Le projet de loi de programme relatif à la mise en oeuvre du Grenelle
de l'Environnement sera discuté à l'Assemblée nationale à partir du 6
octobre prochain. Son article 55 instaure notamment une taxe
kilométrique sur les poids lourds visant à réduire les impacts
environnementaux du transport de marchandises, dont le produit sera
affecté à l'AFITF. De son côté, l'article 55 du projet de loi de
finances pour 2009 décrit les modalités précises de cette taxe, dont la
réalité ne fait plus de doute.
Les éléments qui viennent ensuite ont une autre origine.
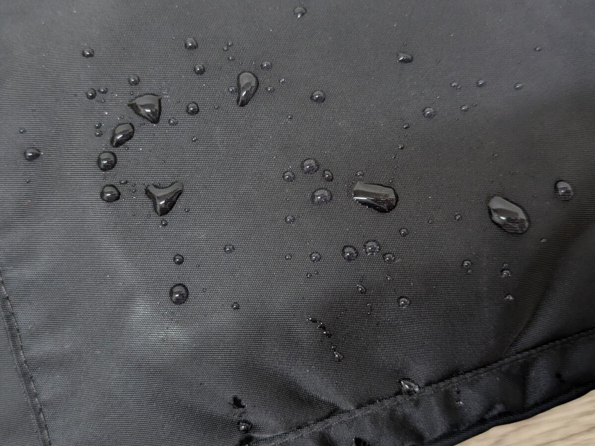 試しにバッグに吹きかけた後、少量の水をかけて防水効果を検証。写真のとおり、しっかり水を弾いてくれました!

Elle devrait s'appliquer en France en
2012 après une expérimentation en Alsace en 2011. Cela, au grand dam
des organisations professionnelles de transporteurs qui continuent de
considérer que cette taxe d'usage des infrastructures coûtera plus cher
à percevoir qu'elle ne rapportera à l'Etat. Une de leurs demandes a
cependant fait son chemin à l'Assemblée nationale, où la Commission des
affaires économiques vient de modifier le projet de loi en y
introduisant le principe d'une « compensation ». Selon le nouveau texte, «
des mesures seront mises en oeuvre pour compenser directement ou
indirectement cette taxe et la répercuter sur les bénéficiaires de la
circulation des marchandises ».
Il s'agissait d'une demande des transporteurs qui exigeaient que la
nouvelle taxe écologique, si elle entrait en vigueur, soit compensée
par la suppression à due proportion d'une autre taxe et notamment de la
taxe professionnelle. Quant à la répercussion, le problème est
d'appliquer aux marchandises une taxe grevant la circulation des poids
lourds qui les transportent. La taxe sera payée par les propriétaires
ou les locataires des véhicules qui peuvent transporter plusieurs
envois de plusieurs expéditeurs. La question se pose -le projet de loi
le reconnaît désormais- de savoir comment le montant de la taxe sera
répercuté entre les différents chargeurs. Les organisations de
transporteurs suggèrent un barème indicatif d'aide à la répercussion
qui serait établi et publié par le Comité national routier (CNR). Le
cadre juridique serait celui que le CNR avait utilisé en 1989 pour
publier une « tarification routière de référence » qui devait aider les transporteurs après la suppression de la tarification obligatoire (TRO).